The Yellow River plain was reached the next day after crossing the West Ma-la-yi Pass, 14,490

feet. The Huang Ho, or Yellow River, so mighty

and so dangerous in its lower course, was here a small river, 30 yards wide and from 2 to 21

feet deep, flowing over a gravelly bed. No bridge

was here necessary, and Pereira records with

justifiable pride that not many other Europeans

could say they had forded the Yellow River.

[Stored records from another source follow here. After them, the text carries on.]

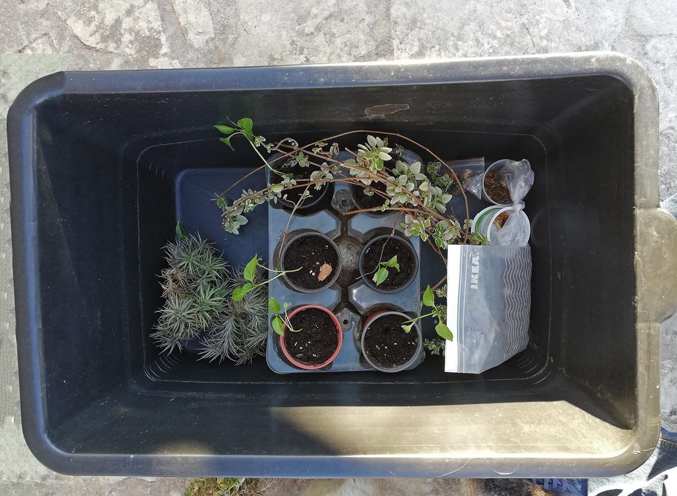 Een vliegende kraai vangt altijd wat, is het spreekwoord. Als je bij Betty bent krijg je altijd wat mee. Altijd wel een stekkie van het een of ander. Deze keer paprika, Portugees gras, lavendel. Het Portugese gras moet langzaam het gras vervangen dat bij ons op het terrein komt. Het Portugese gras is erg sterk en kan heel goed tegen droogte. Het gras dat wij hebben, overleeft ook wel, maar wordt erg geel in de droge periode. Het Portugese gras blijft groen, ook na lange droogte. Dus veel mooier om te zien.
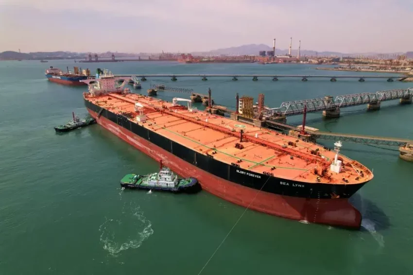 Танкер, перевозящий нефть из Объединенных Арабских Эмиратов, готовится к разгрузке на терминале в Циндао, Китай.
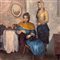 Dipinto olio su tela, periodo XX secolo scuola Italiana, raffigurante Due donne in un interno. Dimensioni: 52,5x45.5 cm. Da artista anonimo. Opera in buone condizioni.
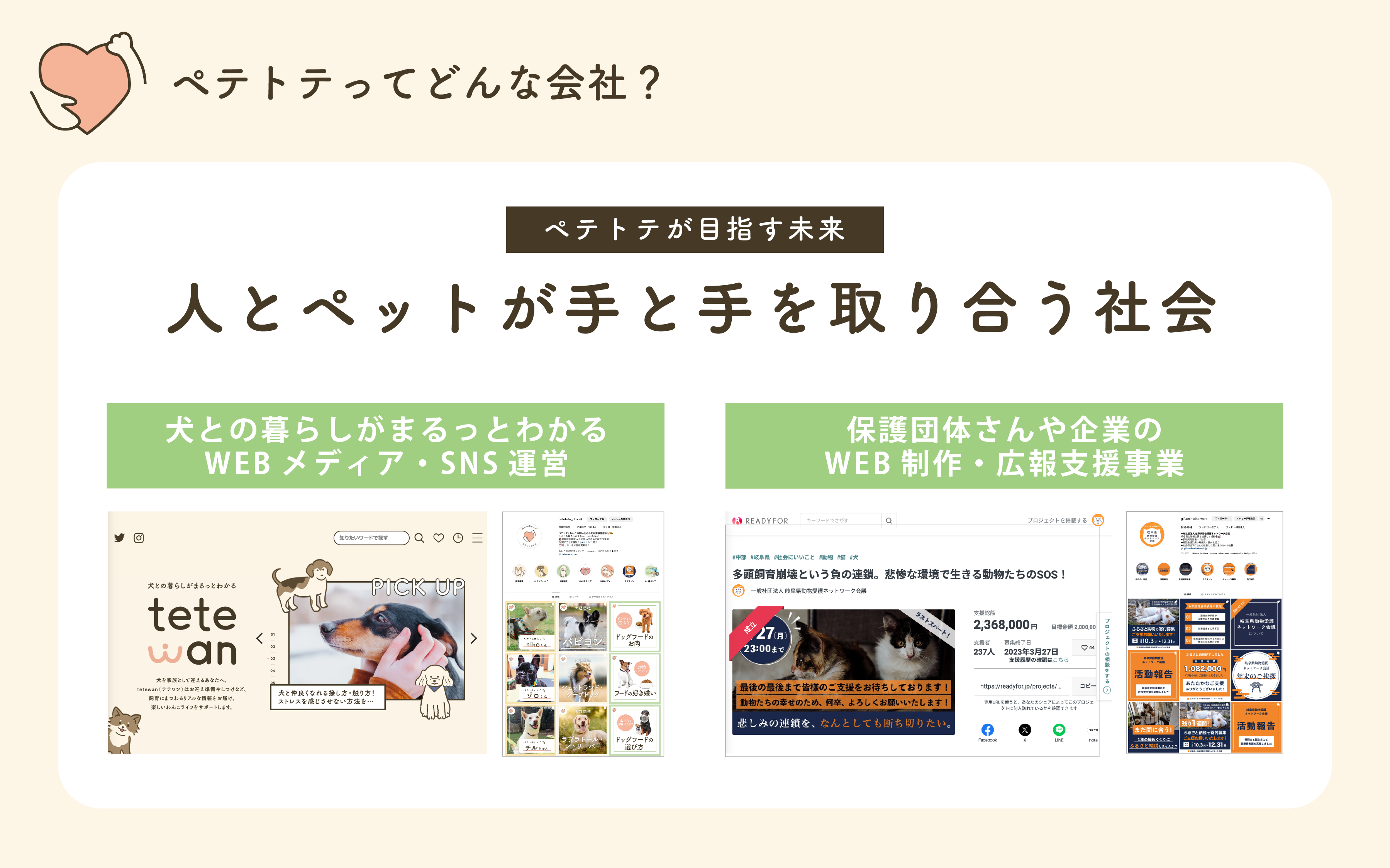 私たちは「人とペットが手と手を取り合う社会」を目指して、犬を飼う前や飼い始めの方に向けた情報発信や、動物愛護に携わる団体様の広報のお手伝いをしてきました。
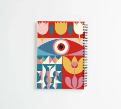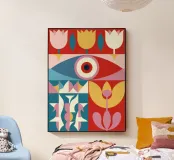 Una composizione surreale e artistica combina un occhio stilizzato con motivi geometrici e un fiore che sboccia, creando un pezzo misterioso e stimolante.
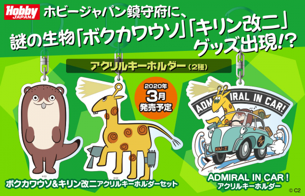 株式会社ホビージャパン(本社:東京都渋谷区、代表取締役社長:松下大介)は、謎の生物「ボクカワウソ」と「キリン改二」のアクリルキーホルダーならびにマグネットシート『マグコレ』シリーズを2020年2月6日(木)より受注開始いたしました。

He also records that this is perhaps the only big

river in China that keeps its name throughout its

course. Other big rivers change their names, and

small rivers generally have different names at

each village on their banks. Possibly the Han

River might also keep its name, but Pereira had

not seen so much of it as he had of the Huang Ho.

Of course the Tibetans have a different name for

it. They call it Ma Chu, mother of rivers. Pereira made it 2861 miles from Tangar.

On the Yellow River the uninhabited region

stretching back to Ta-ho-pa is left behind and the

country is now inhabited by nomadic Tibetans,

and Pereira saw several camps of Yü-rung-wa

Tibetans with their flocks of sheep and yaks.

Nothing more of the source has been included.